Kara Brown resurrects ‘Jezebel’ column, Shade Court

Photo credit: Twitter — @
Kara Brown Photo provided by Kara Brown.

Kara Brown
staff writer, Jezebel
Tufts University, B.A.

Kara Brown is a prolific writer for Jezebel, the feminist website covering celebrities and culture owned by Gawker Media. Last week, Gawker announced it was shutting down after an expensive lawsuit left the company bankrupt. Brown will no doubt quickly find a new home for her work, especially her column “Shade Court,” which at the urging of author Jamaica Kincaid and out of a “great deal of patriotism and sense of duty,” Brown resurrected in recent weeks.


While the columns running under the moniker of Judge Brown are witty and sarcastic, Brown also has investigative chops. One of her groundbreaking stories was an investigation into the fees celebrities charge for social media product endorsements.

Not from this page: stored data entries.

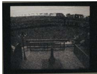
High end colour/mono
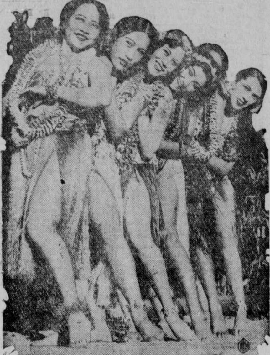
With a background of tropical verdure, which recalled their native land to these former Hawaiian girls, they say "Aloha" to their friends in the first "Luan," or native feast, ever held in Los Angeles, Cal. Dancing and a banquet featuring native dishes made the affair a great success.
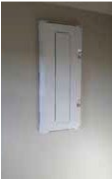
This is your smart panel

You'll find the main feed in your smart panel, located in your upstairs laundry room. The Astound connection has a label tag and a blue "boot" to identify it.
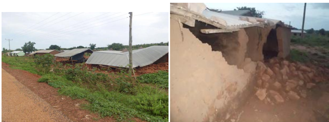
Damage caused as a result of torrential rains.

The GRCS is assisting NADMO in delivering relief items and assessments are ongoing to assess further needs and plan the adequate support for the affected and vulnerable people.
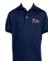
Long Sleeve Polo
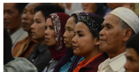
Villagers from Kampong Cham attend the court hearings on 21 and 26 June 2012. On 21 June, 570 villagers from 17 different districts visited the ECCC.
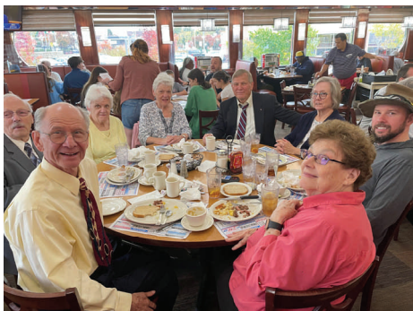
5th Sunday at St. Isaac Joques and Double T Diner in October. There was a better than usual turnout this month, and we had to have two tables for the brunch. Don't forget that December has a 5th Sunday on the 31st, but this has been canceled so that each family may celebrate the New Year in their own church and manner.

The story grew from a reader tipster, who owned a company that used celebrities to endorse its products and agreed to make celebrity fee inquiries. “Those figures help shine a light on lucrative but oftentimes dishonest practice of brands paying celebrities to push products on social media without clearly identifying that the post in question is an advertisement,” explains Brown. “Technically, most of the celebrities and companies paying them are violating FCC guidelines about clearly delineating ads from organic, non-sponsored posts.”


The Path

Before becoming a journalist, Brown worked in public relations. Her big break came when I Jezebel republished one of her personal blog posts recounting her experience with street harassment. Brown was struck by the revelation that people outside of her immediate circle found my writing funny and interesting. It was then that she began to consider writing for a living.

“I blogged for about two years, every day for no money. My job at Jezebel is a direct result of that work so I would say it worked out. I think it’s one thing to write for a personal site or blog for free and something entirely different to put in free labor at a for-profit company. The day I got my first check for a story was the day I stopped working for free.”

Noteworthy

In the article, “Am I Going to Write About Murdered Black People Forever?” Brown writes:

I can continue to vote and go to protests and sign petitions and donate money and get in arguments with racist white people. And I can write. I can write again and again for as long as the this nation piles up black bodies. But when you’ve just watched a man bleed to death after a routine traffic stop while a child sits in the back seat, it sure as hell doesn’t feel like much.